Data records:
• • •

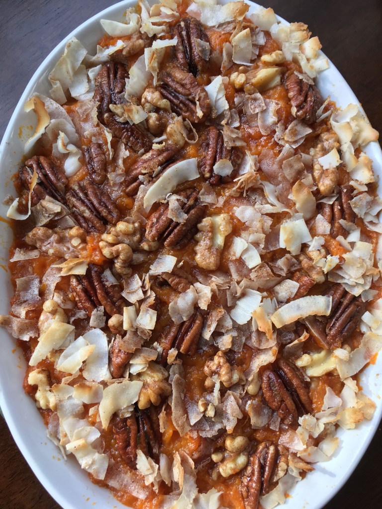 or a sweet potato casserole: maple pumpkin spice mashed sweet potatoes with toasted maple walnuts, pecans and coconut..practically a sweet potato pie dessert, but it’s a refined sugar free, dairy-free, gluten-free and a paleo side. Preced with pumpkin coconut soup or squash soup or pair with the honey glazed carrots below.
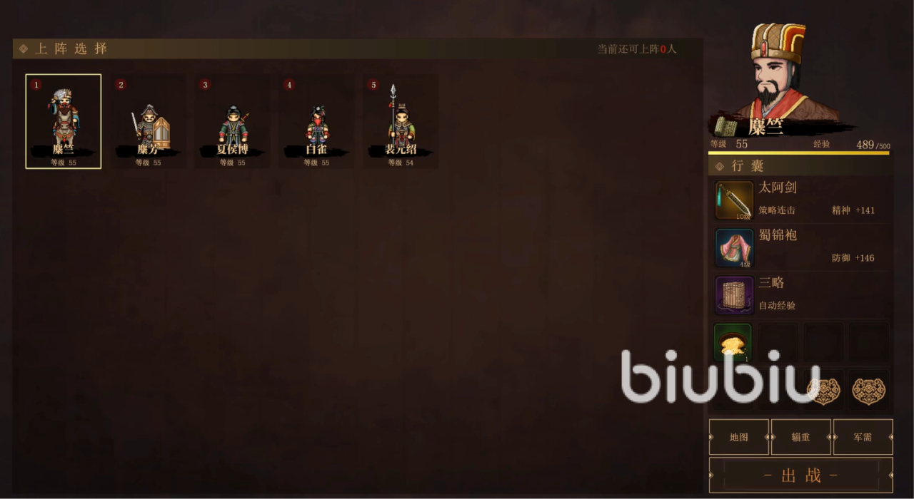 由于这个关卡中所限制可上阵的角色有限,所以更加推荐使用糜竺+糜芳+夏侯博+白雀+裴元绍,它们的综合实力都很强,并且可有效辅助或者进攻。不过角色数量少,所以每个角色都要培养好,例如佩戴高等级装备或者使用各种属性加成道具。
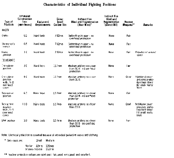 The table below summarizes the hasty and deliberate individual fighting positions and provides time estimates, equipment requirements, and protection factors.
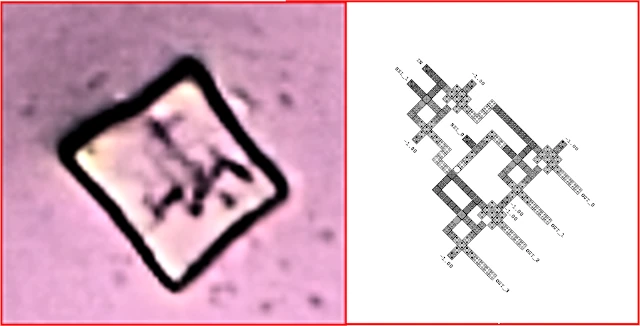 El hallazgo ha sido posible aislando cada cristal cuadrangular, aplicando un proceso de rasterizado, enfoque y delimitación de los bordes de la imagen, a fin de pronunciar aún más las marcas observadas. Una vez completado este proceso, se dibujó un borrador con las líneas y patrones inscritos en el cristal, creando un perfil limpio de lo que en realidad parecía un circuito. Fue muy llamativo el hecho de encontrar líneas paralelas y perpendiculares con una distribución alejada de los patrones fractales, lo que permitió inferir automáticamente la posibilidad de que hubiera sido producto de la manufactura. Por ello, se buscaron patrones similares en la literatura científica, que tuvieran un esquema similar, parecido al circuito que se acababa de dibujar. El resultado de la búsqueda fue casi inmediato, ya que se encontró el patrón de un nanorouter de puntos cuánticos, tal como se observa en la figura 2.
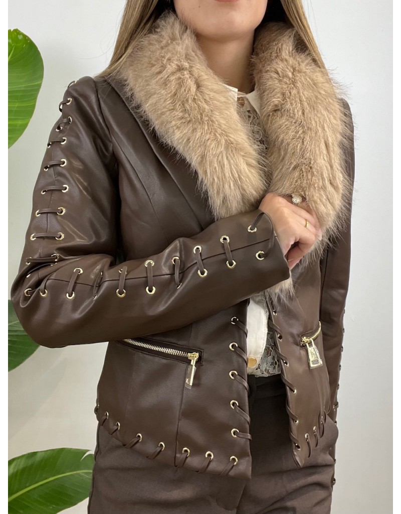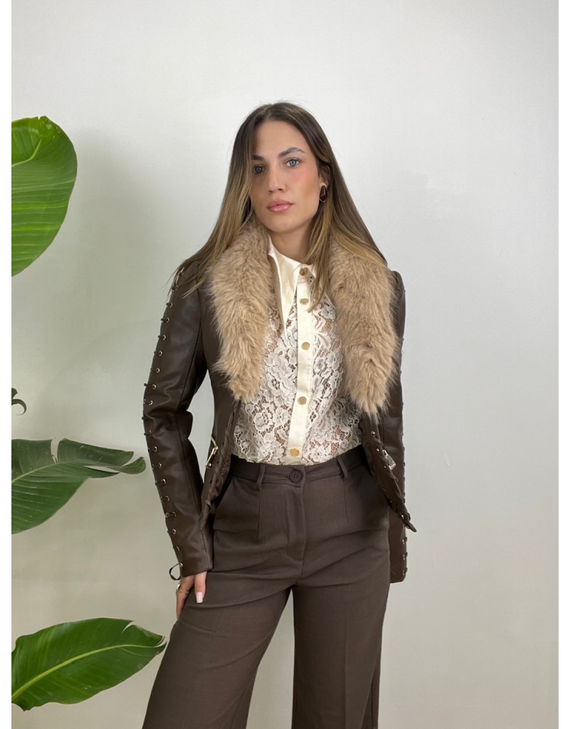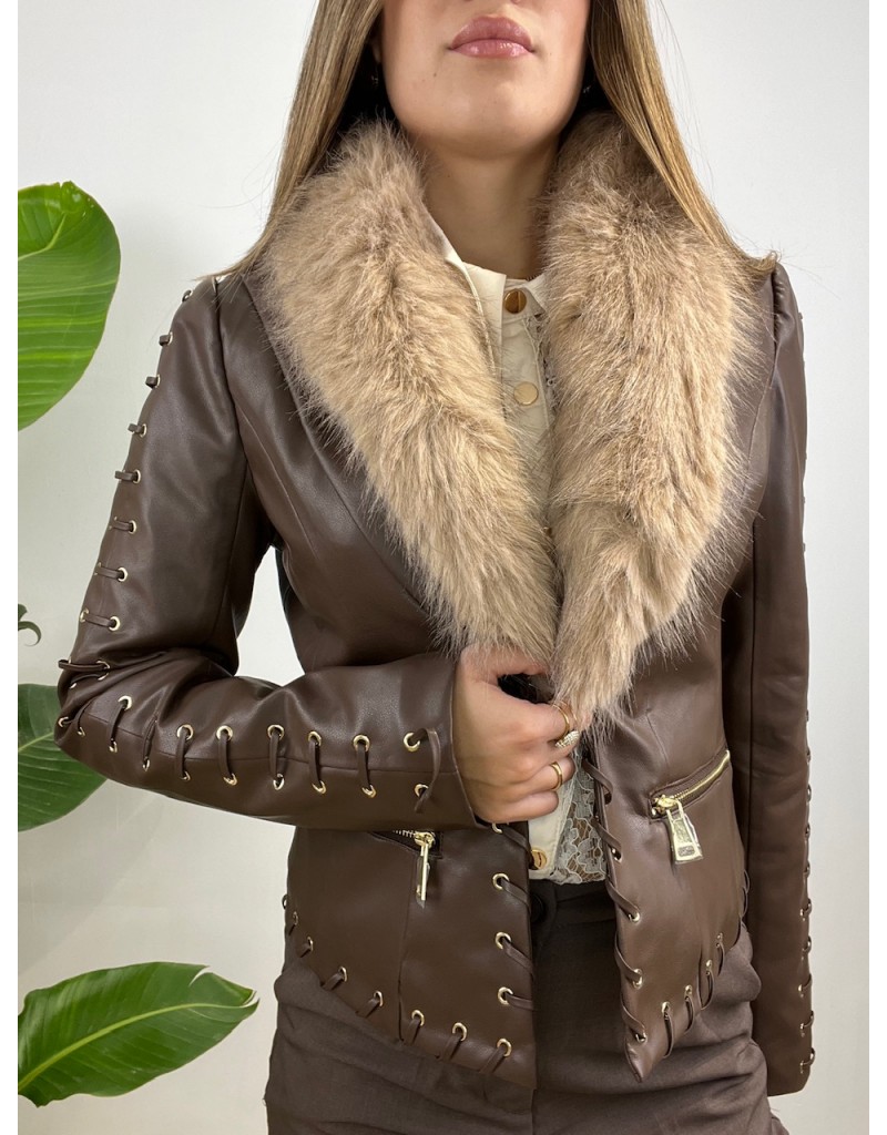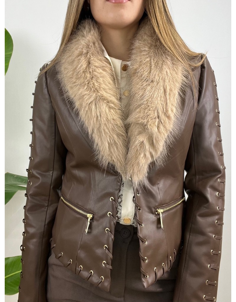 Jacket trapuntata internamente con collo in ecopelliccia.

• • •

TASK GOAL: Restate word for word, and only, the lines from the line that contains "El hallazgo ha" through the end of the data, both included; pictures are not part of the copy.

OUTPUT FOR THIS EXERCISE:
 El hallazgo ha sido posible aislando cada cristal cuadrangular, aplicando un proceso de rasterizado, enfoque y delimitación de los bordes de la imagen, a fin de pronunciar aún más las marcas observadas. Una vez completado este proceso, se dibujó un borrador con las líneas y patrones inscritos en el cristal, creando un perfil limpio de lo que en realidad parecía un circuito. Fue muy llamativo el hecho de encontrar líneas paralelas y perpendiculares con una distribución alejada de los patrones fractales, lo que permitió inferir automáticamente la posibilidad de que hubiera sido producto de la manufactura. Por ello, se buscaron patrones similares en la literatura científica, que tuvieran un esquema similar, parecido al circuito que se acababa de dibujar. El resultado de la búsqueda fue casi inmediato, ya que se encontró el patrón de un nanorouter de puntos cuánticos, tal como se observa en la figura 2.
 Jacket trapuntata internamente con collo in ecopelliccia.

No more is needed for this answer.